The legislation—the FDA Food Safety Modernization Act (S. 510)—was intended to get the FDA to crack down on unsafe foods before they harm people rather than after outbreaks occur. But it was especially controversial because of a number of provisions that would have created a litany of unintended regulatory consequences for small organic farms and supplement manufacturers. The bill is much improved from its earlier version despite pushback from anti-health-supplement proponents and the processed food industry. The work of a diverse and dedicated coalition and a few members of Congress helped change the bill for the better.
These are some of the changes that ANH-USA and our allies have made to the Food Safety bill:

  • Excluded excessive punishment.

Last week we learned that S. 510 would not include the obscene ten-year jail sentences for food and supplement manufacturers who violate complicated FDA rules. That draconian language was specifically designed to target supplement manufacturers while leaving pharmaceutical drug and medical device companies untouched.

  • Resisted international harmonization of food and health supplement policy.

Together we worked to modify language that would have committed the US to harmonization of international food and supplement rules similar to those in Europe, where attempts are being made to regulate away natural health.

  • Excluded small farmers from burdensome regulation.

Among the Senate bill’s last major sticking points was how it would affect small farmers and food producers. Some small-farm and organic food advocates warned that the legislation would destroy their industry under a mountain of paperwork. Working with the natural health community, ANH-USA succeeded in winning inclusion of an amendment from Sen. Jon Tester (D-MT), which exempts producers with less than $500,000 a year in sales who sell most of their food locally. ANH-USA and other organizations fought tirelessly to protect the bourgeoning local healthy food movement from unwarranted federal regulation, and from the processed food companies that are increasingly nervous about the new competition. Thirty processed food organizations like the American Frozen Food Institute and the Corn Refiners Association sent a letter to the Senate arguing that a local produce stand should face the same regulatory hurdles as their industrial-scale processed food operations.

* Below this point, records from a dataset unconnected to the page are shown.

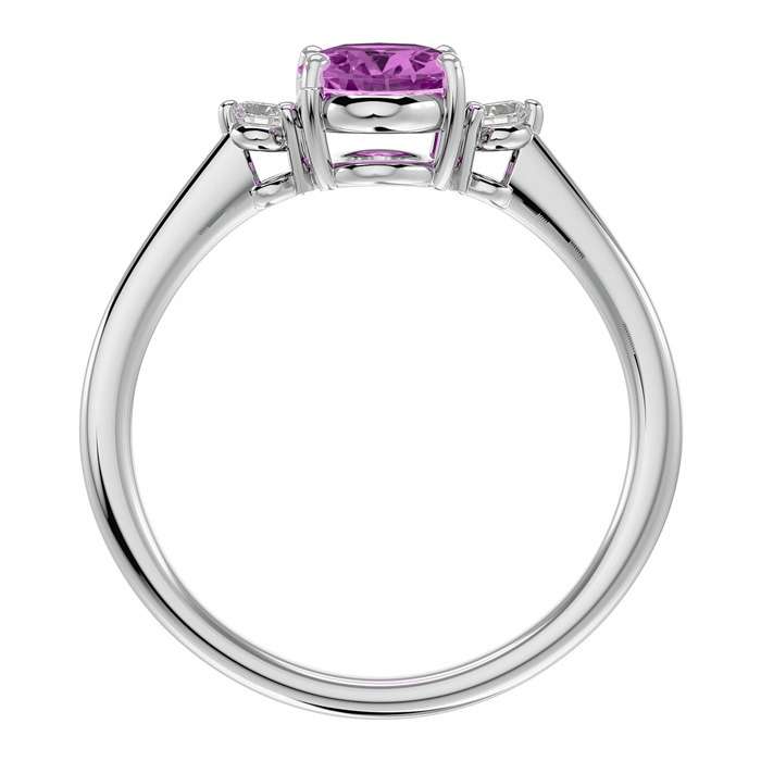 This pink sapphire ring features one 8x6mm oval shape created pink sapphire gemstone. It is surrounded by two sparkling diamonds totaling 1/10 carat in I-J color, I1-I2 clarity. Total carat weight is approximately 1 1/3 carats. This ring is in sterling silver.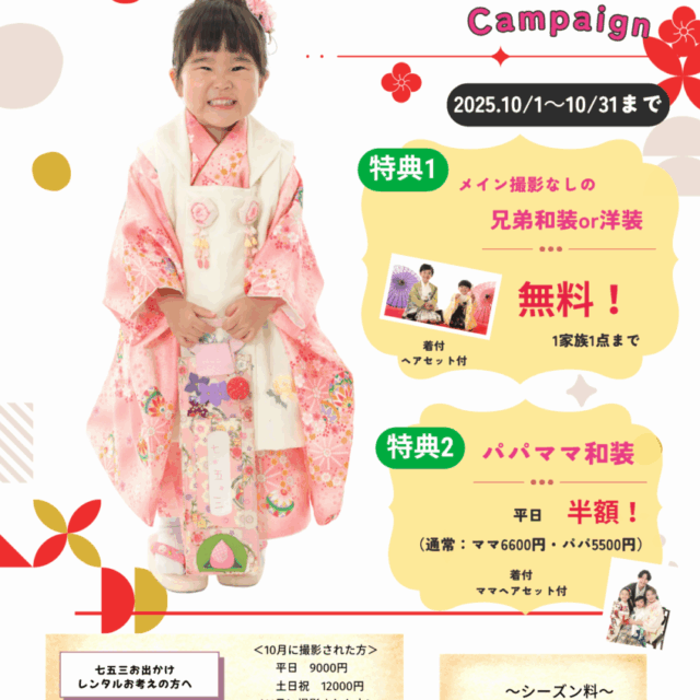 10月からの七五三キャンペーンのご案内です★ ✨10/1(水)~10/31(金)にご撮影のお客様限定!✨お得な「2大特典」をプレゼント! ①【パパママ着物平日50%オフ!】 パパ・ママも着物レンタル・お支度込みでお子さま…
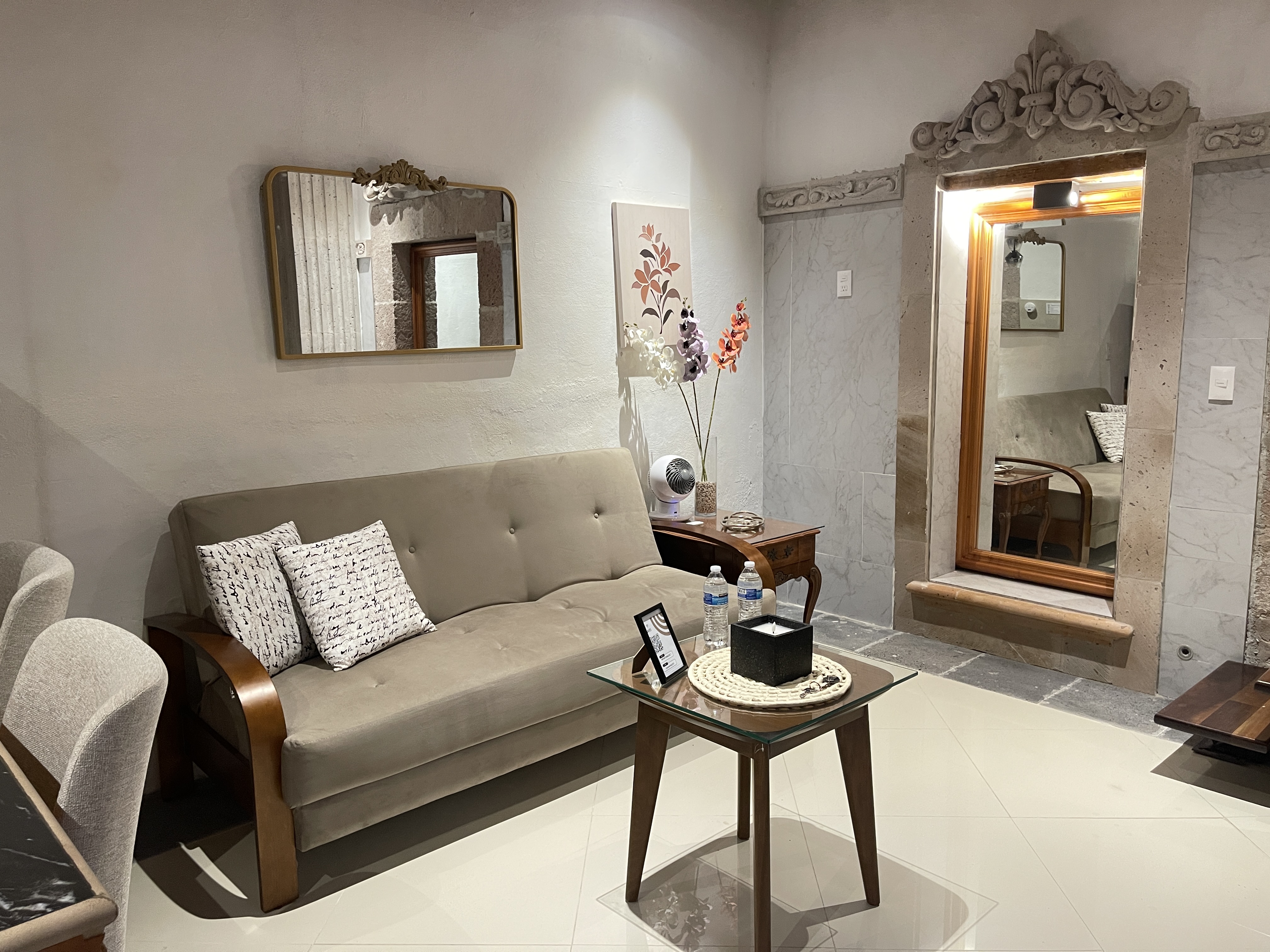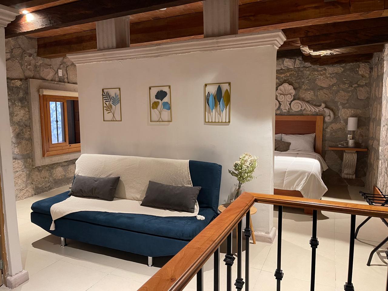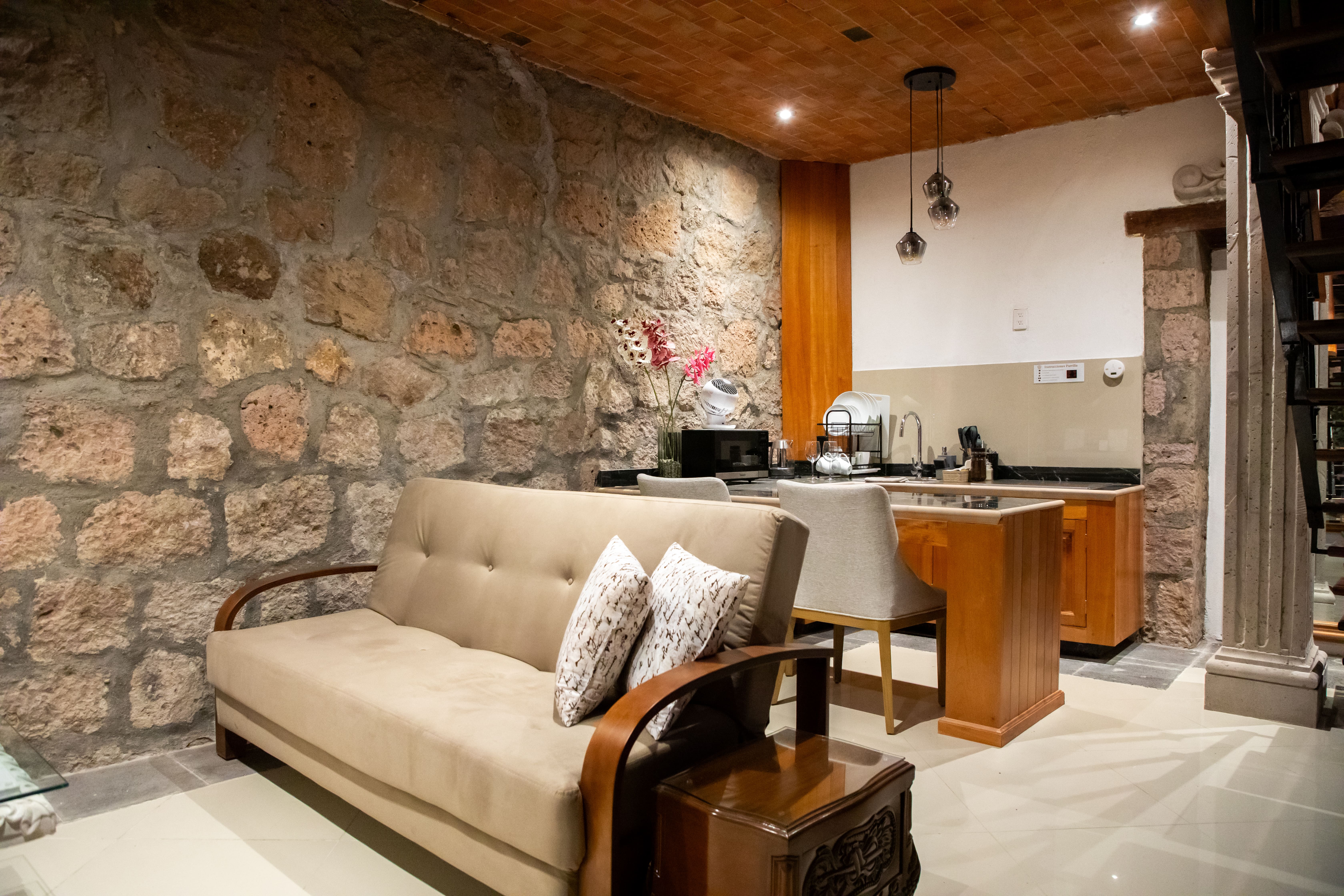 The most spacious and versatile accommodation at Casa Serdán. Designed to host up to 4 guests, this elegant loft-style suite blends the charm of a colonial home with the comfort of modern living—perfect for relaxing or exploring Morelia.
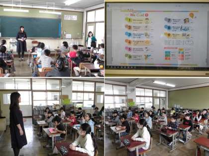 今日は新学年になって初めての外国語科です。今年の5年の外国語科は,担任ではなく少人数担当の先生が主になって1年を通して指導します。そして,授業は担任の先生やALTの先生とペアになって進めていきます。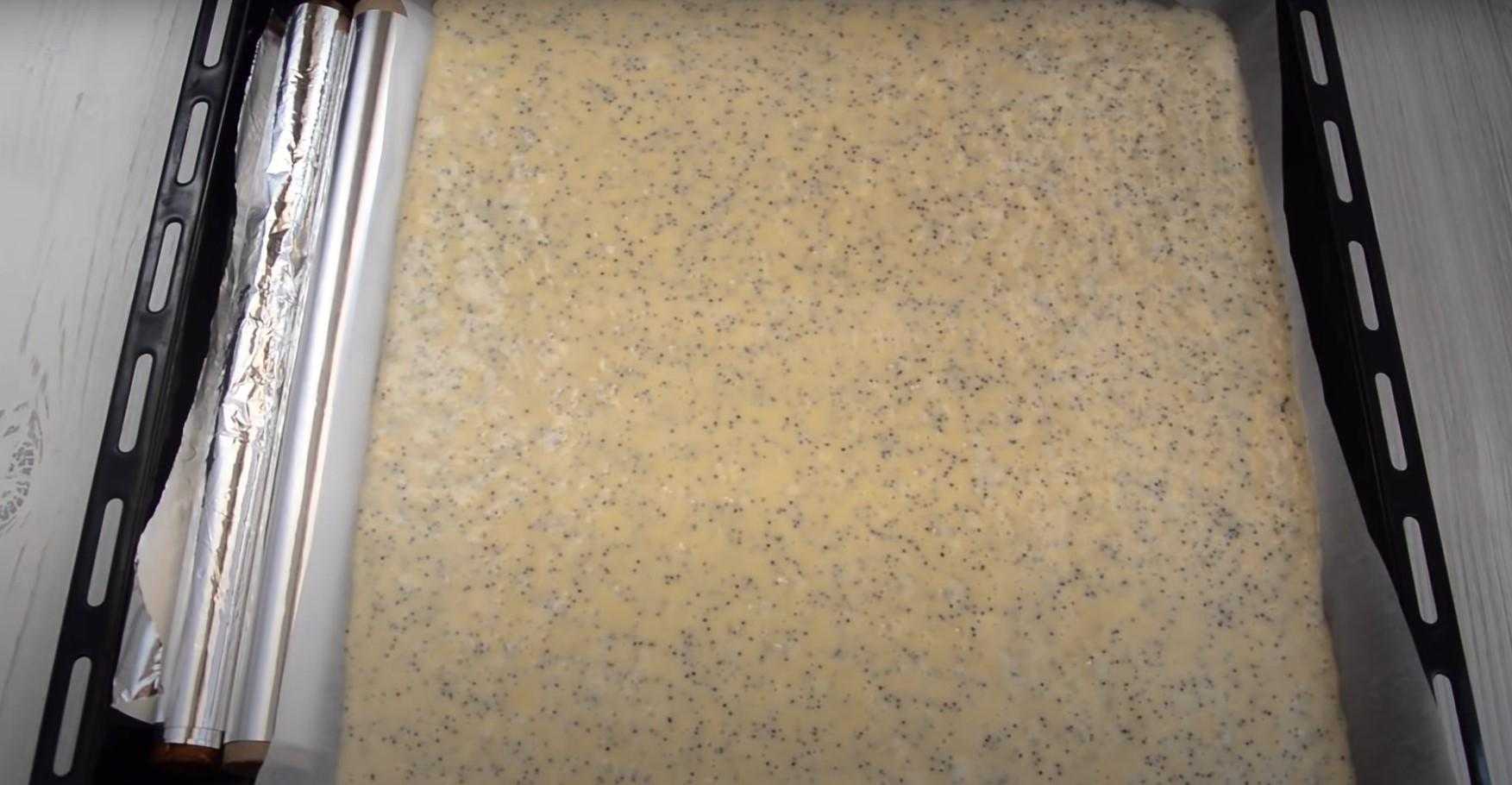 5. Третий корж готовим по тому же принципу, только в тесто добавляем мак.
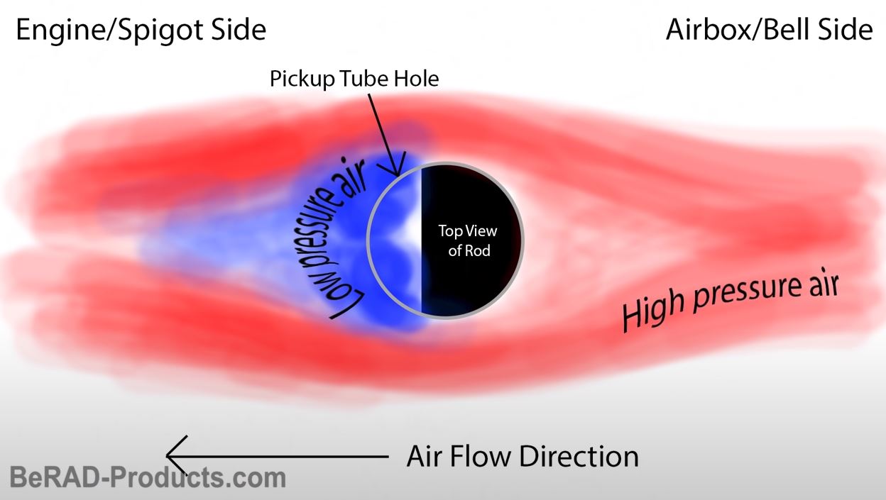 Die spezielle Nadel (Metering Rod) taucht in eine Art Düsenstock (Pickup Tube) ein.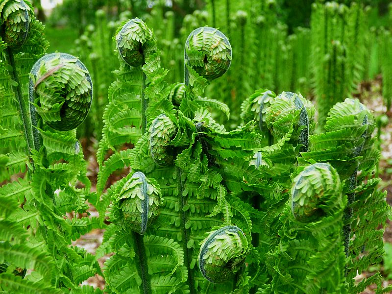 Cudowne widowisko rozwijania się młodych frondów pióropuszników strusich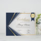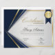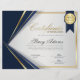 Certificado profissional de design de prêmio de de excelência apresenta cores azuis, douradas e cinzas com linhas detalhadas e borda dourada. Inclui prêmio de medalha de ouro e estrelas.

As we previously reported, the House of Representatives has agreed to adopt this Senate version of the bill instead of the awful House version that passed last year. We still do not like the final bill; it has much that is wrong with it. But the House bill was such a horror that we can take comfort in the changes that we were able to make in the Senate. And we will have opportunities to shape its implementation through the rule-making process as the FDA puts more meat on the legislative bones.
Our thanks again to you, our grassroots activists, who overwhelmed the Senate with your letters, phone calls, and emails. You are making the democratic process work!